* Problem details: Lines from the beginning of the material below through the line that has "ديبالا نجم جوفنتوس." are to be reproduced exactly, but pictures are not.

___ Stored data

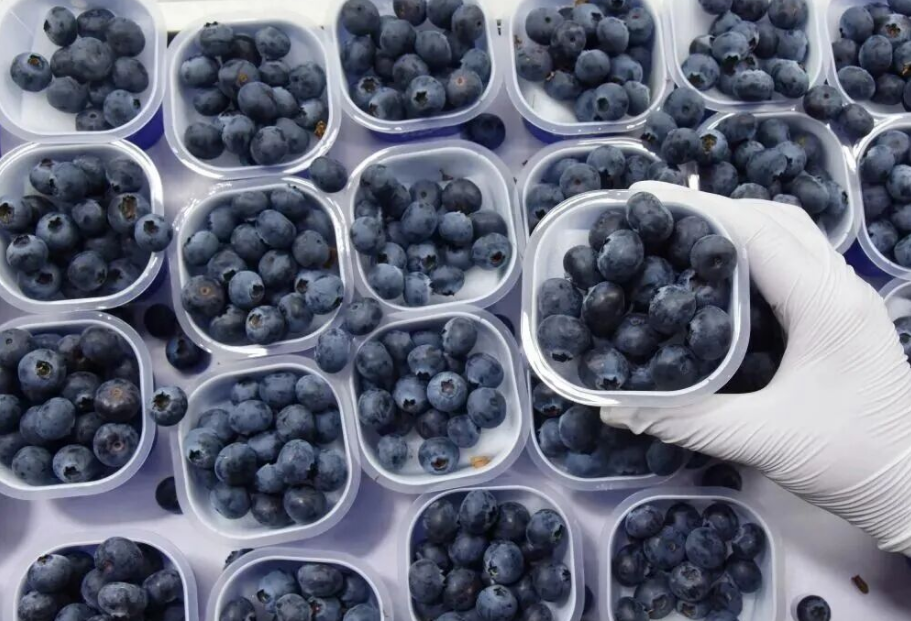 农户在云南省蒙自市草坝镇缤纷农业示范基地的冷藏库里分拣蓝莓。新华社发(薛莹莹 摄)
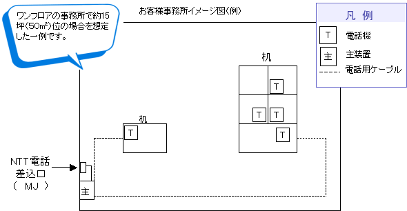 事務所がワンフロアで主装置1台・電話機5台、FAX1台利用の場合
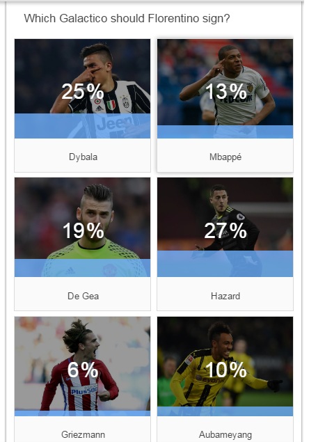 أجرت صحيفة "ماركا" الإسبانية استفتاءا لجماهير ريال مدريد لمعرفة هوية النجم الذي تود رؤيته في الفريق الصيف القادم، واقترحت الصحيفة المقربة من بيت النادي المدريدي 6 أسماء لامعة ويتعلق الأمر بكل من باولو ديبالا، كيليان مبابا، دافيد دي خيا، إيدين هازارد، أنطوان غريزمان وبيير إيمريك أوباميونغ، وصوتت جماهير "الميرينغي" للتعاقد مع هازارد نجم تشيلسي بنسبة 27 % من الأصوات فيما اختار ما نسبته 25 % ضم بالو ديبالا نجم جوفنتوس.
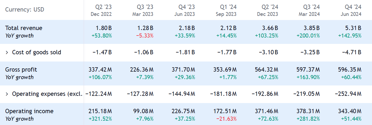 Ve čtvrtém čtvrtletí fiskálního roku 2024 vykázala Supermicro tržby ve výši 5,31 miliardy dolarů, což představuje meziroční nárůst o 142 %. Pro první čtvrtletí fiskálního roku 2025 společnost předpokládá tržby ve výši 6 až 7 miliard USD.

______

* Response:
 农户在云南省蒙自市草坝镇缤纷农业示范基地的冷藏库里分拣蓝莓。新华社发(薛莹莹 摄)
 事務所がワンフロアで主装置1台・電話機5台、FAX1台利用の場合
 أجرت صحيفة "ماركا" الإسبانية استفتاءا لجماهير ريال مدريد لمعرفة هوية النجم الذي تود رؤيته في الفريق الصيف القادم، واقترحت الصحيفة المقربة من بيت النادي المدريدي 6 أسماء لامعة ويتعلق الأمر بكل من باولو ديبالا، كيليان مبابا، دافيد دي خيا، إيدين هازارد، أنطوان غريزمان وبيير إيمريك أوباميونغ، وصوتت جماهير "الميرينغي" للتعاقد مع هازارد نجم تشيلسي بنسبة 27 % من الأصوات فيما اختار ما نسبته 25 % ضم بالو ديبالا نجم جوفنتوس.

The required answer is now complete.